The factorials are stored as elements of the array fact[], which is passed as an argument from factorial() to the main part of the program.

/* printfact5.c */
/*
  Program to print factorials of all integers
  between 0 and 20
*/

#include <stdio.h>

/* Function prototype for factorial() */
void factorial(double []);  

int main() 
{
  int j;
  double fact[21];           // Declaration of array fact[]

  /* Calculate factorials */
  factorial(fact);

  /* Output results */
  for (j = 0; j <= 20; ++j) 
    printf("j = %3d    factorial(j) = %12.3e\n", j, fact[j]);

  return 0;
}

//%%%%%%%%%%%%%%%%%%%%%%%%%%%%%%%%%%%%%%%%%%%%%%%%%%%%%%%%%%%

void factorial(double fact[]) 
{
  /*
    Function to calculate factorials of all integers
    between 0 and 20 (in form of floating-point
    numbers) via recursion formula

    (n+1)! = (n+1) n!

    Factorials returned in array fact[0..20]
  */

  int count;

  fact[0] = 1.;               // Set 0! = 1

  /* Calculate 1! through 20! via recursion */
  for (count = 0; count < 20; ++count) 
    fact[count+1] = (double)(count+1) * fact[count];

  return;
}

The output from the above program is identical to that from printfact.c.

It is important to realize that there is no array bound checking in C. If an array x is declared to have 100 elements then the compiler will reserve 100 contiguous, appropriately sized, slots in computer memory on its behalf.
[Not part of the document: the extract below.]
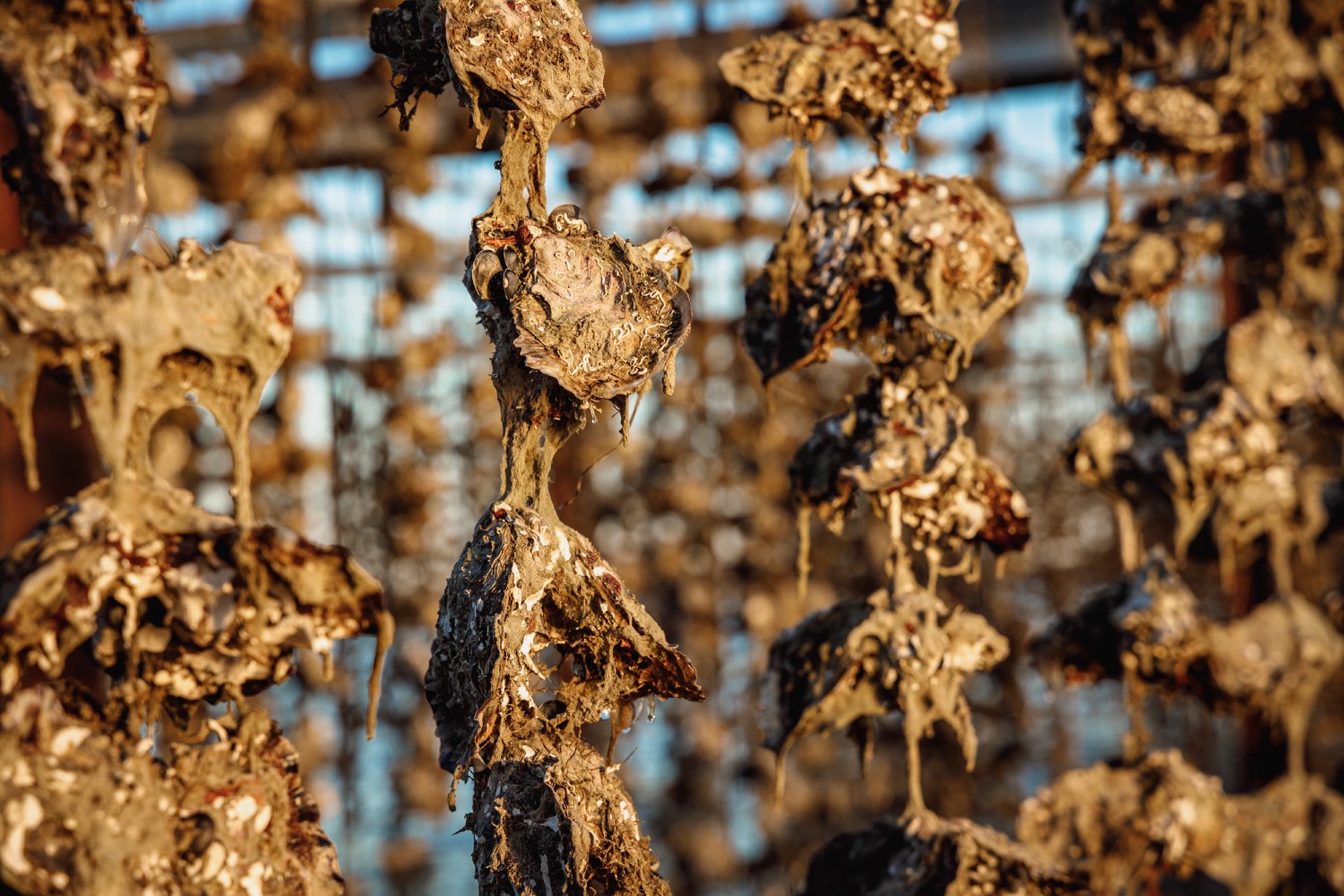 Shellfish farming in the Mediterranean differs from others by the absence of tide. The oysters are raised in nurseries and glued every 3,15 inches (8 cm) by 3 or 4 on ropes 10 to 16 ft (3 to 5 m) long. Wooden and metal poles, called oyster tables, support the ropes. The oysters will remain submerged for an average of one year compared to three in the Atlantic because of the organic richness of the lagoon. When they reach maturity, they are detached, washed, and placed for another three weeks in bags to perfect their flesh content.

The contents of these slots can be accessed via expressions of the form x[i], where the integer i should lie in the range 0 to 99. As we have seen, the compiler interprets x[i] to mean the contents of the memory slot which is i slots along from the beginning of the array. Unfortunately, expressions such as x[100] or x[1000] are interpreted in a like manner, leading the compiler to instruct the executable to access memory slots which lie off the end of the memory block reserved for x. Obviously, accessing elements of an array which do not exist is going to produce some sort of error. Exactly what sort of error is very difficult to say--the program may crash, it may produce absurdly incorrect output, it may produce plausible but incorrect output, it may even produce correct output--it all depends on exactly what information is being stored in the memory locations surrounding the block of memory reserved for x. This type of error can be extremely difficult to debug, since it may not be immediately apparent that something has gone wrong when the program is executed. It is, therefore, the programmer's responsibility to ensure that all references to array elements lie within the declared bounds of the associated arrays.

Let us now discuss multi-dimensional arrays in more detail. The elements of a multi-dimensional array are stored contiguously in a block of computer memory. In scanning across this block, from its start to its end, the order of storage is such than the last subscript of the array varies most rapidly whilst the first varies least rapidly. For instance, the elements of the two-dimensional array x[2][2] are stored in the order: x[0][0], x[0][1], x[1][0], x[1][1]. The elements of a multi-dimensional array can only be addressed if the program is explicitly told the size of the array in its second, third, etc. dimensions. It is, therefore, not surprising to learn that when a multi-dimensional array is passed to a function, as an argument, then the associated argument declaration within the function definition must include explicit size declarations in all of the subscript positions except the first. The same is true for a multi-dimensional array argument appearing in a function prototype.